People often ask me about the research that goes into writing tales of the past. I won’t diminish the importance of the “work” part – of going to primary and secondary sources of the period you write about to be sure you have your facts right. But research can also be fun – it can be part of other things that we love to do.
For me, one of those things is travel. There’s nothing quite like being in an old place and soaking up the atmosphere to get one’s imagination working about what life there was like long ago. Stand in the kitchen of a fourteenth-century castle and imagine the fire roaring in the huge hearth with pots hanging from hooks and meat roasting on spits being turned ever so slowly by the kitchen boy known as the “turnspit” – because his job, of course, was to turn the spit.

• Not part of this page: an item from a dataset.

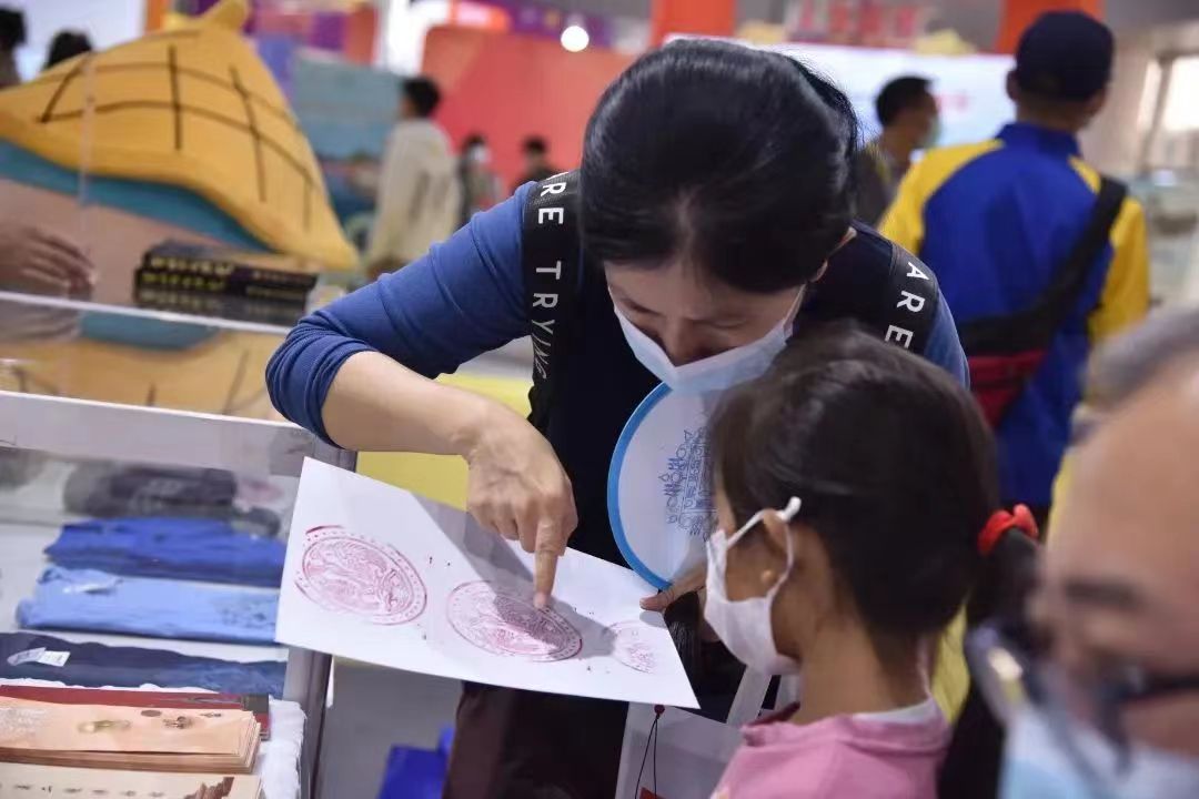 大家都喜爱的互动项目——团扇印吉祥和滚轴拓双凤也会随考古人们的脚步从广州去到郑州。团扇纹饰取自广州考古出土、南汉二陵博物馆馆藏西汉四乳连弧铭文铜镜,纹饰上有十六瓣连弧纹缘,圆钮,柿蒂纹方形钮座,外框方形铭文12字“长贵富、乐毋事、日有熹、宜酒食”,寄托了先民关于平安、富贵的美好愿望。滚轴纹饰来自广州考古出土、南汉二陵博物馆馆藏五代南汉时期双凤纹瓦当,内圈为首尾相连的双凤,栩栩如生。凤鸟是祥瑞的象征,用在屋檐之上更显吉祥入屋之兆。

Look around the fifteenth-century brewery on a vast estate and marvel at how the water was pumped into the vats to mix with the grain to form a mash. Walk slowly through an old cathedral and imagine the stonemasons who built the sturdy walls and beautiful vaulted ceilings – or look up into the ledges in those vaults and see burial boxes of kings who lived in the eighth or ninth century.
History becomes so very real.
Another thing I enjoy is browsing antique shops. Even if you’re not buying, they are a great place to discover old objects that can make their way into a story one day.
I take pictures. Lots and lots and lots of pictures. You never know when you’ll have a story to tell about a particular place – or when a story you’re in the middle of needs a detailed description of the site of a fortress or the furnishings in an eighteenth-century drawing room or a coat of arms carved in stone above an elaborate fireplace.
And I’ve found another use for those pictures in helping to bring the world of the Second Son Chronicles to life in the Gallery page on the website for the series.
I also read other authors – historical fiction or non-fiction – learning from the research they’ve already done. But, of course, I do verify what part of an author’s work is factual and what springs from their imagination before relying on it for my own work.
So, for me, research is something I’m always doing. When I set out to tell a story, I always have a solid foundation for the time and place of the narrative and for any historical characters that may figure in the tale.
But one of the really delightful things about all the technology we have today is that “just in time” research is always possible.
In Pestlience, there’s a reference to the main character’s son, Geoffrey, being breeched – that important milestone in a young boy’s life when he starts wearing breeches instead of a dress. As I wrote the sentence, I couldn’t remember for sure at what age this usually happened – but a little searching on the internet reassured me that Geoffrey was just the right age.
I hope you enjoy the Chronicles as much as I’m enjoying telling the stories.